» Work task:
Only the lines from the beginning of the data through the line holding "ココ・シャネルの「私が付けれ" belong in the answer, printed exactly and without pictures.

» Information shown:

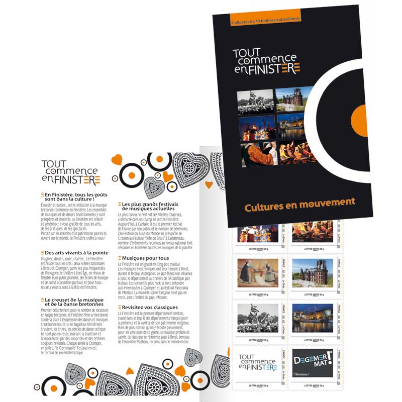 | Commentaire | Voir les précédents collectors En été, le Finistère est une terre de musique, de danse et de spectacles vivants… Musique classique, jazz, danses celtiques et bien sûr musiques actuelles y trouvent chaque année un accueil chaleureux et un public passionné. On ne saurait manquer les Vieilles Charrues, premier Festival de France par son audience, le Festival du Bout du monde, le Cornouailles Festival, l’Atlantique Jazz Festival et bien d’autres… Mais le Finistère fait aussi les beaux jours des amateurs de peinture, de cinéma, de théâtre de rue, sans oublier les arts et traditions populaires bretons. Les dix timbres-poste « lettre verte » sont un hommage au dynamisme culturel du département. |
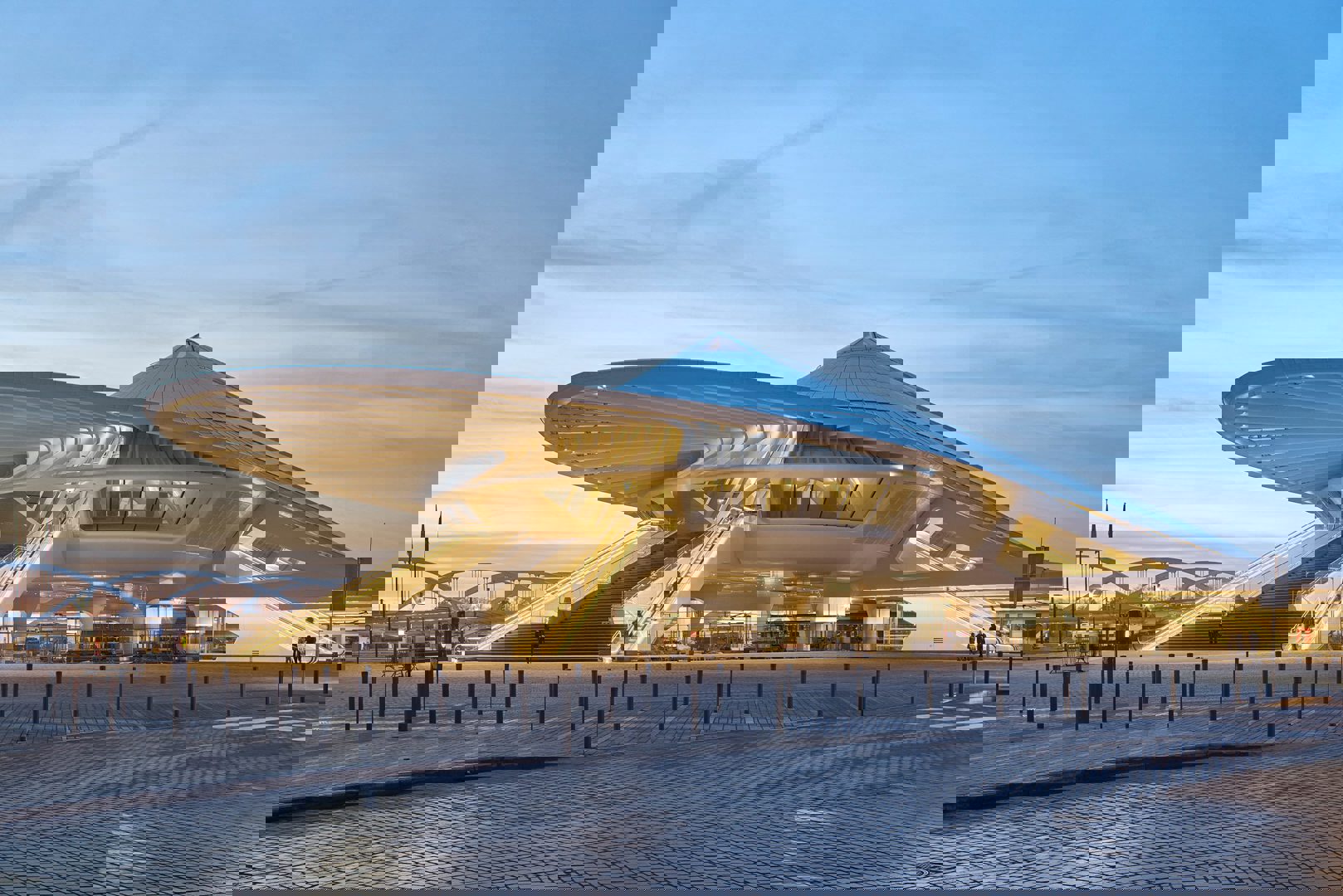 Sous le niveau principal, la gare intègre deux parkings souterrains et un espace pour 200 vélos, assurant une offre intermodale complète. Les infrastructures extérieures comprennent sept voies ferroviaires et 29 arrêts de bus, abrités sous la toiture prolongée du volume central. L’ensemble met l’accent sur une mobilité fluide, tout en anticipant les besoins futurs du territoire.
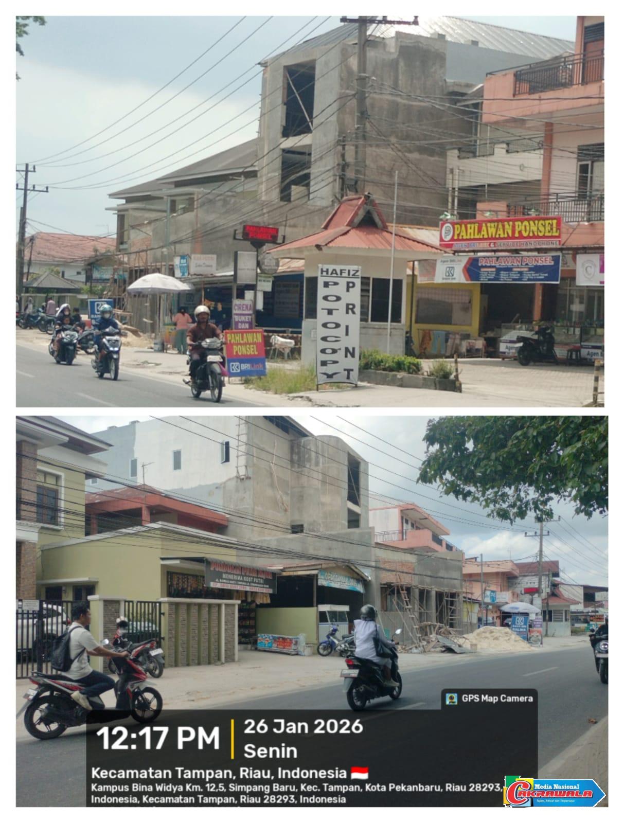 Pekanbaru,Cakrawala-Dugaan pelanggaran Garis Sempadan Bangunan (GSB) dan pembangunan ruko tanpa Persetujuan Bangunan Gedung (PBG) di Jalan Bangau Sakti, Kecamatan Binawidya, kini berubah menjadi potret telanjang lemahnya pengawasan pemerintahan di Kota Pekanbaru.
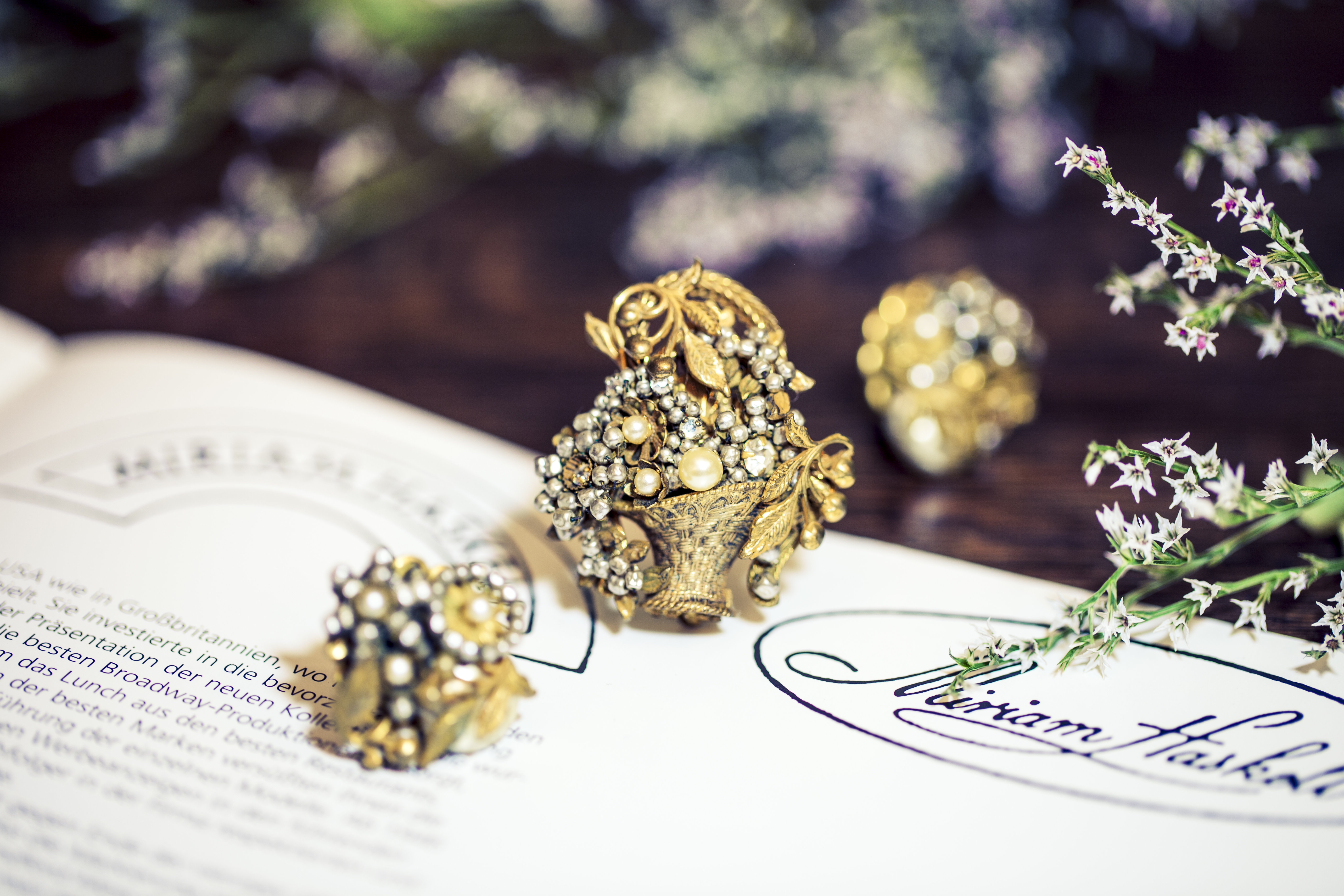 ココ・シャネルの「私が付ければ本物に見える。」という名言も知られているが、フランスで徐々に広がり、アメリカに渡ってあっという間に浸透したこのコスチュームジュエリーは、シャネルはもちろん、クリスチャン・ディオールやイヴ・サン・ローランからも多く発表されており、写真の日本でも人気のミリアム・ハスケルはコスチュームジュエリー専門のブランドだ。
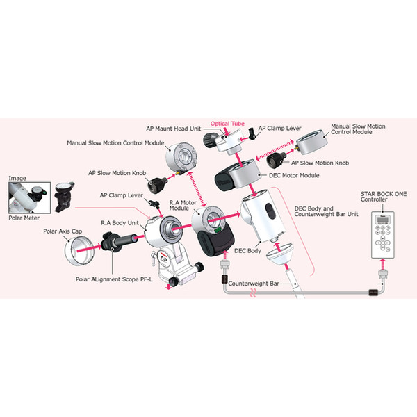 Questo modulo motore sostituisce il controllo del movimento manuale dell'asse di ascensione destra nella montatura Advanced Polaris. La figura a destra illustra questa costruzione modulare della montatura. L'adeguamento è quindi molto semplice e può essere invertito in qualsiasi momento. A differenza di altre montature con motori per l'ascensione retta che si possono montare a posteriori, non è necessario armeggiare con motori e ingranaggi più o meno compatibili. Si ottiene invece un sistema coordinato da un'unica fonte.
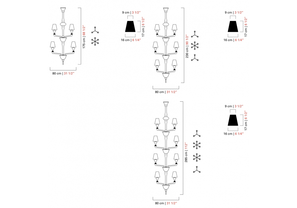 | Dimensions | Ø 80 x H 175 cm; Ø 80 x H 230 cm; Ø 80 x H 285 cm. |
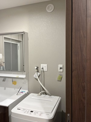 こちらのお住まいでは、乾太くん設置に必要な「ガスコンセント」や、湿気を外に逃がすための「排湿管用の穴」が新築時に用意されていました。
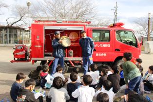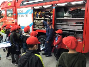 | 校外学習 3年生が、社会科「火事からくらしを守る」の学習のため、尾三消防本部へ見学に行きました。見学中、実際に出動する場面がありました。指令から出動まで2分以内という様子を見たり、防火服を着たりするなど、貴重な体験から消防署のひみつをたくさん学ぶことができました。 |
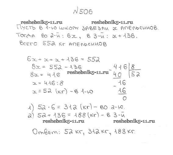 Готовая домашняя работа с ответами по Математике за 5 класс Мерзляк, Полонский, Якир Учебник Алгоритм успеха Вентана-граф 2016 ФГОС - §18. Деление 506

» Task response:
 | Commentaire | Voir les précédents collectors En été, le Finistère est une terre de musique, de danse et de spectacles vivants… Musique classique, jazz, danses celtiques et bien sûr musiques actuelles y trouvent chaque année un accueil chaleureux et un public passionné. On ne saurait manquer les Vieilles Charrues, premier Festival de France par son audience, le Festival du Bout du monde, le Cornouailles Festival, l’Atlantique Jazz Festival et bien d’autres… Mais le Finistère fait aussi les beaux jours des amateurs de peinture, de cinéma, de théâtre de rue, sans oublier les arts et traditions populaires bretons. Les dix timbres-poste « lettre verte » sont un hommage au dynamisme culturel du département. |
 Sous le niveau principal, la gare intègre deux parkings souterrains et un espace pour 200 vélos, assurant une offre intermodale complète. Les infrastructures extérieures comprennent sept voies ferroviaires et 29 arrêts de bus, abrités sous la toiture prolongée du volume central. L’ensemble met l’accent sur une mobilité fluide, tout en anticipant les besoins futurs du territoire.
 Pekanbaru,Cakrawala-Dugaan pelanggaran Garis Sempadan Bangunan (GSB) dan pembangunan ruko tanpa Persetujuan Bangunan Gedung (PBG) di Jalan Bangau Sakti, Kecamatan Binawidya, kini berubah menjadi potret telanjang lemahnya pengawasan pemerintahan di Kota Pekanbaru.
 ココ・シャネルの「私が付ければ本物に見える。」という名言も知られているが、フランスで徐々に広がり、アメリカに渡ってあっという間に浸透したこのコスチュームジュエリーは、シャネルはもちろん、クリスチャン・ディオールやイヴ・サン・ローランからも多く発表されており、写真の日本でも人気のミリアム・ハスケルはコスチュームジュエリー専門のブランドだ。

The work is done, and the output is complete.